- Excerpted data:
***

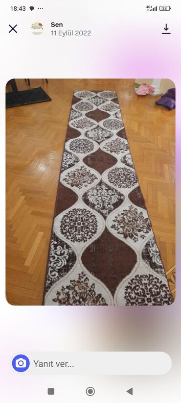 - Model 2: Qəhvəyi və krem tonlarında rombvari panellər içində klassik ornamentlər. Uzun formalı, kənarları overlok tikişlidir. Neytral rəng palitrası sayəsində müxtəlif mebel və döşəmə tonları ilə uyğunlaşır.
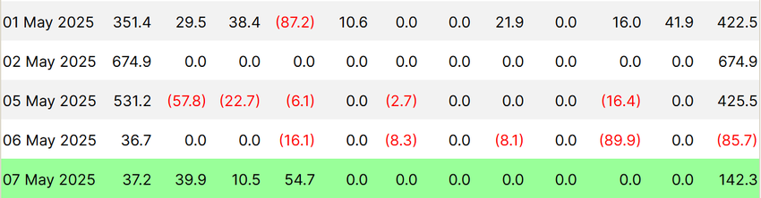 Güçlü piyasa duyarlılığının yanı sıra, Bitcoin’in genel makro momentumu olumlu spot ETF akışlarıyla destekleniyor. Bu girişler, 6 Mayıs hariç, son hafta boyunca büyük ölçüde olumlu kaldı. Bu tarihte 85 milyon Dolar çıkış kaydedildi.
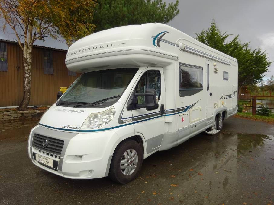 MotorhomeDepot.com Chester and Wirral present for sale this 2009 (09 reg) Autotrail Chieftain SE coach built motorhome that offers comfort and generous space for two. The layout is fixed rear bed over a large garage, central kitchen with huge worktop space loads of storage and a large fridge/ freezer. The lounge is just behind the driver and passenger seats. With a freestanding dining table the lounge becomes the dinette. The washroom facility comprises of a separate shower with Perspex door, the toilet and hand basin being on the opposite side of the motorhome. A nice feature of this layout is that the full door of the toilet closes to create a separate room containing the rear bed, shower and washroom. The kitchen and lounge diner then become another room. In the lounge-dining area there are long lounge seats on both sides with a freestanding table. A TV is included. This area can be used as two single beds or one large double bed. There are lots of storage lockers around the top. The kitchen features a full size oven with grill and dual fuel hob. The sink has a built in drainer and a choice of two covers to extend worktop space. A range of cupboards above and below the worktop copes with every storage need. Above the fridge freezer is a cupboard designed for TV and bracket. Next to the fridge is a Truma heater with a double door wardrobe above. Heating and hot water can be gas or electric from the Truma combi boiler. In addition there is a separate diesel heater nounted in the rear garage to make sure the van is a warm as you could want. There are fly screens and black out blinds on habitation windows. The upholstery is modern in design and in very good condition. This motorhome is very clean and tidy inside and out.
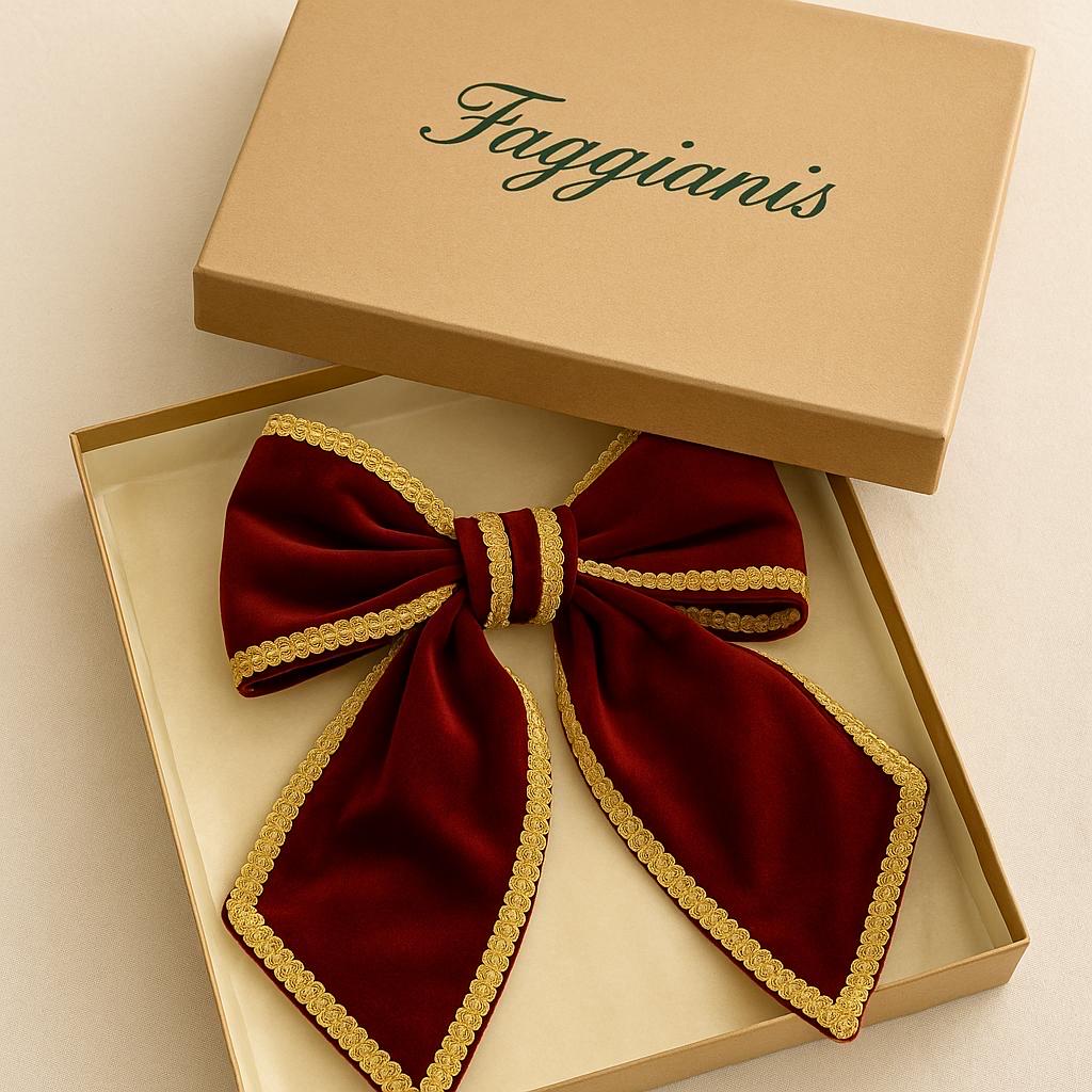 A refined symbol of elegance and tradition, entirely handmade in our Faggianis workshops. This Christmas bow is made of high-quality doubled burgundy velvet, embellished with a brilliant gold trim that defines its edges with light and richness.
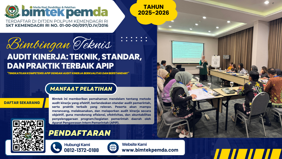 Audit kinerja merupakan salah satu bentuk pengawasan yang dilakukan oleh Aparat Pengawasan Intern Pemerintah (APIP) untuk menilai aspek ekonomi, efisiensi, dan efektivitas dari suatu program atau kegiatan pemerintah. Di tengah tuntutan peningkatan akuntabilitas publik dan reformasi birokrasi, audit kinerja tidak hanya menjadi alat pengawasan, tetapi juga sarana perbaikan berkelanjutan. Sayangnya, belum semua auditor internal memahami pendekatan, teknik, dan standar yang sesuai, sehingga perlu dilakukan peningkatan kapasitas melalui bimtek yang komprehensif dan aplikatif.
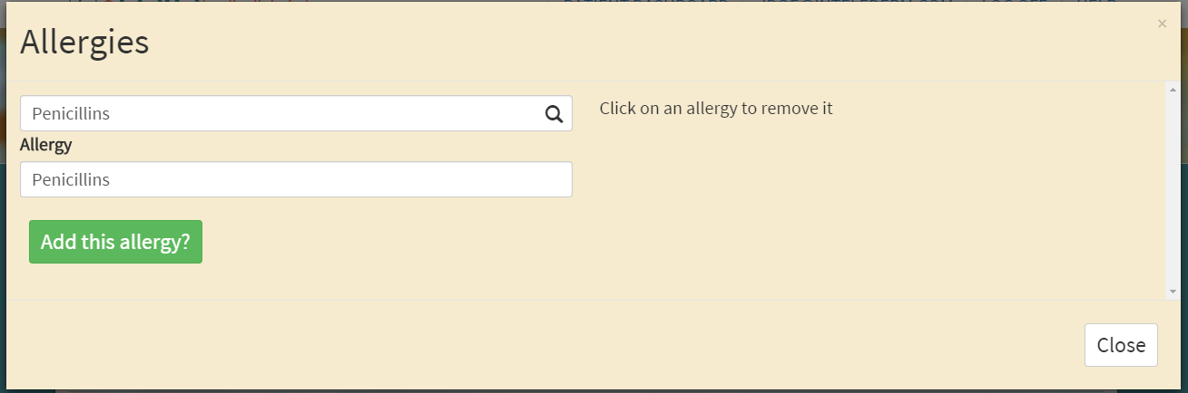 To enter your allergies, search for an allergen by entering at least 3 letters. Similar to the medications, once you've entered 3 letters, a list of allergens will appear for you to choose from. Click on the allergen name. If you need to remove an allergen, either because it is an error, or you no longer have that allergy, click on the allergen to remove it.
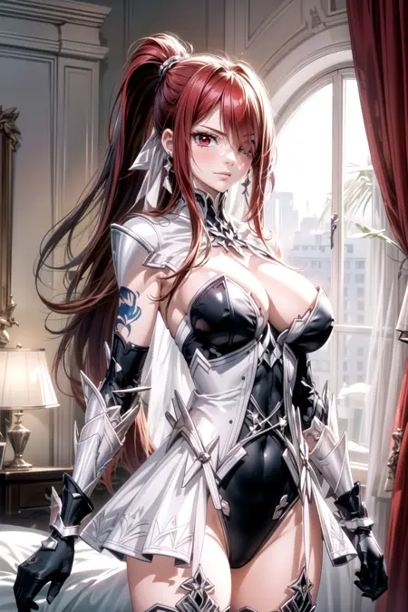 プロンプト:armor,greaves,high_heels,pauldrons,shoulder_armor,hair_ornament,gauntlets,cleavage,gloves,thighhighs,leotard,armor,gloves
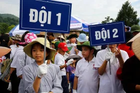 Các bạn trẻ được tập hợp thành 17 trung đội, phát động thi đua nhặt rác trong phạm vi trải dài 7km từ chùa Thượng xuống khu vực trung tâm Lễ hội. Bên cạnh tập thể Đoàn viên Khối đoàn Tỉnh Vĩnh phúc và tình nguyện viên YDA Việt Nam còn có sự tham gia của nhiều sinh viên Hà Nội, dù bận rộn với mùa thi vẫn mong muốn góp sức chung tay trong thiện hạnh vì môi trường.
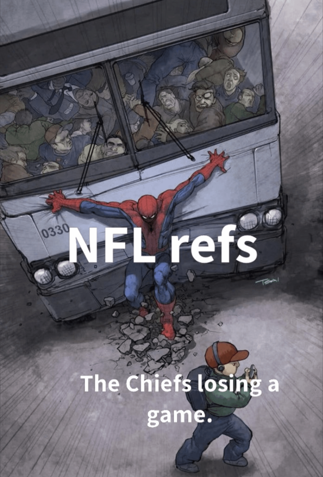 True 7 comments The Chiefs after playing Josh Allen and the Bills:  You’re like 24 hours late I want to see a game chiefs vs any team no refs and see the scores  Lol Chiefs win because the Raiders fucked up hard, but sure, give the refs credit A second game* Go Bills! The people in the bus: every other team’s fanbase Leave a ReplyYou must be logged in to post a comment.
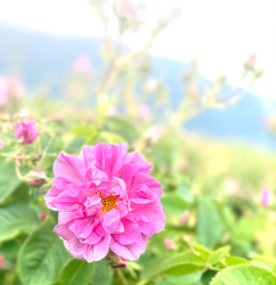 「Paya Payaピローミスト」は、調香師によって作られた最高級の空間演出のための香りです。香料には上質な香水素材を使用しています。さらにその香りには有機JAS認証を取得したブルガリア産の有機ダマスクローズウォーターを加えています。有機ダマスクローズウォーターは、ブルガリアのカザンラクにある弊社指定農場で有機栽培されたダマスクローズから、水蒸気蒸留で抽出された貴重なローズウォーターです。そのローズウォーターはEUによる地理的表示保護(PGI)により厳選されたものだけにのみ許可された名称「ブルガリアンローズオイル」が飽和状態で溶け込んでいる特別なローズウォーターです。
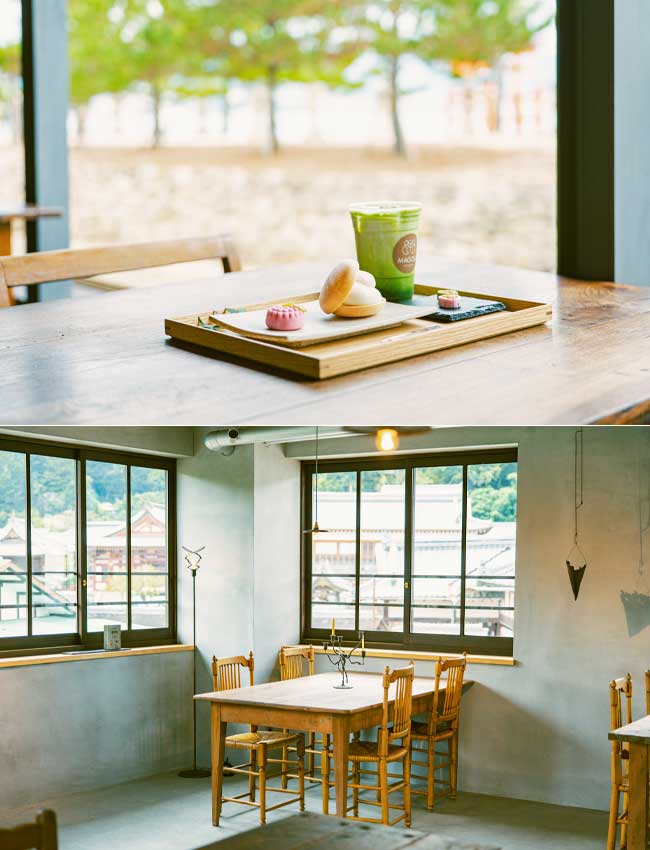 揚げもみじが名物の「紅葉堂」が手がける、ギャラリーを併設したカフェ・MAGOJiicafe&gallery 。参拝客でにぎわう通りから少し離れた御手洗川のほとりにあり、川のせせらぎに耳を傾けながらのんびり過ごすことができる。人気の和菓子セットには、地元の和菓子店や製餡所から仕入れたサクッと軽いもなかの皮とやわらかな粒あんを使用。香り豊かな抹茶ラテと一緒に、嚴島神社の大鳥居を望む窓際の特等席から世界遺産の景色を楽しもう。
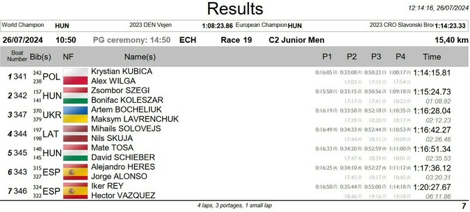 В соревнованиях юниоров на каноэ-двойках третьими стали Артем Бочелюк и Максим Лавренчук, которые более двух минут проиграли победителям, полякам Кристиану Кубице и Алексу Вильге. Вторыми стали Жомбор Сеги и Бонифац Колесар из Венгрии.
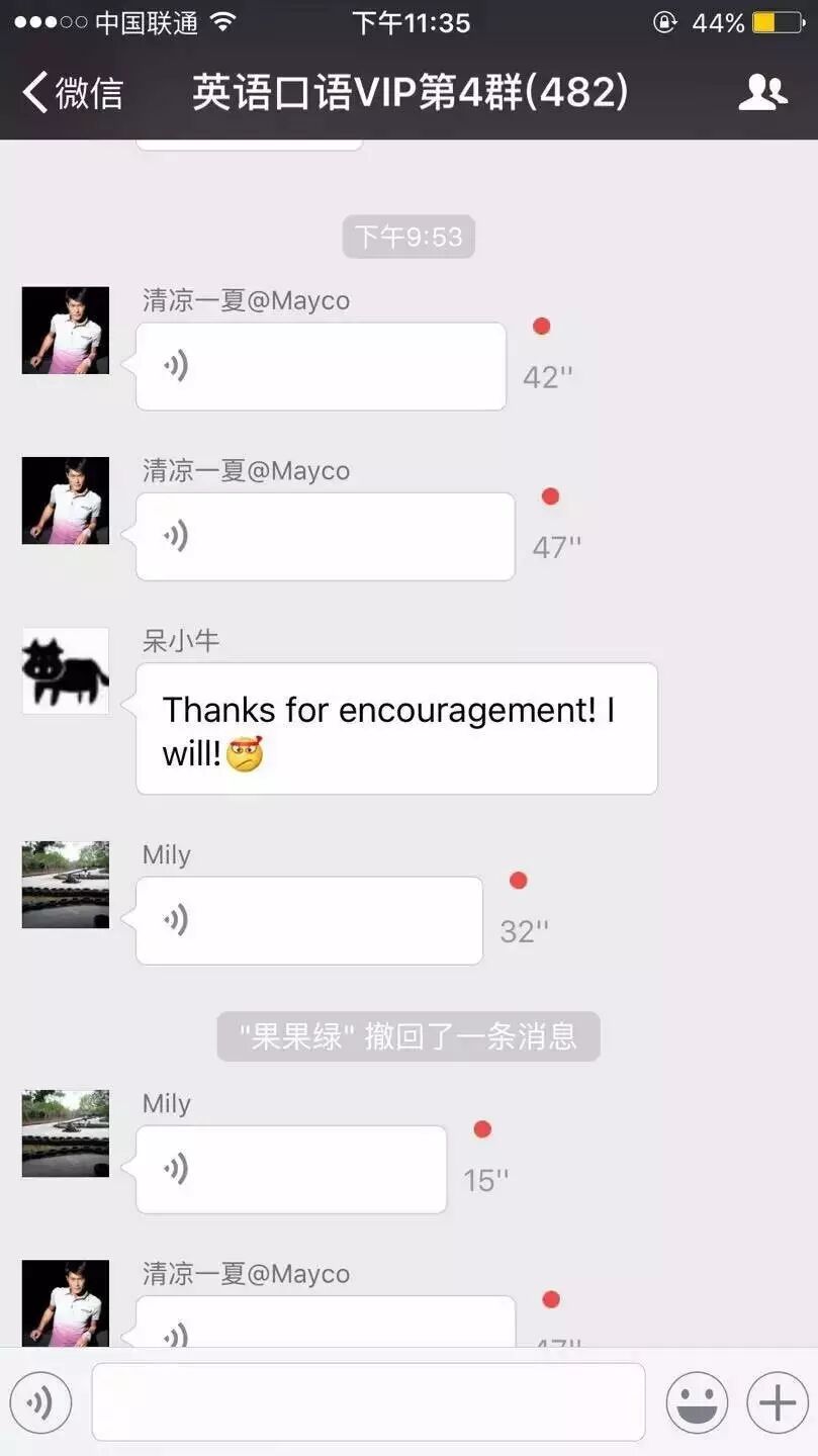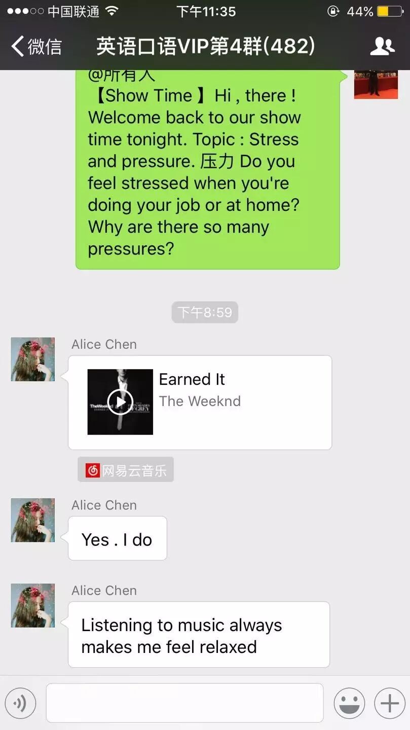 【还有我们赠送的永久有效英语微信口语群聊天记录】

***

- What is required: What the answer must hold is the exact text of every line from the one containing "В соревнованиях юниоров" through the end of the data, minus any pictures.

- Task response:
 В соревнованиях юниоров на каноэ-двойках третьими стали Артем Бочелюк и Максим Лавренчук, которые более двух минут проиграли победителям, полякам Кристиану Кубице и Алексу Вильге. Вторыми стали Жомбор Сеги и Бонифац Колесар из Венгрии.
 【还有我们赠送的永久有效英语微信口语群聊天记录】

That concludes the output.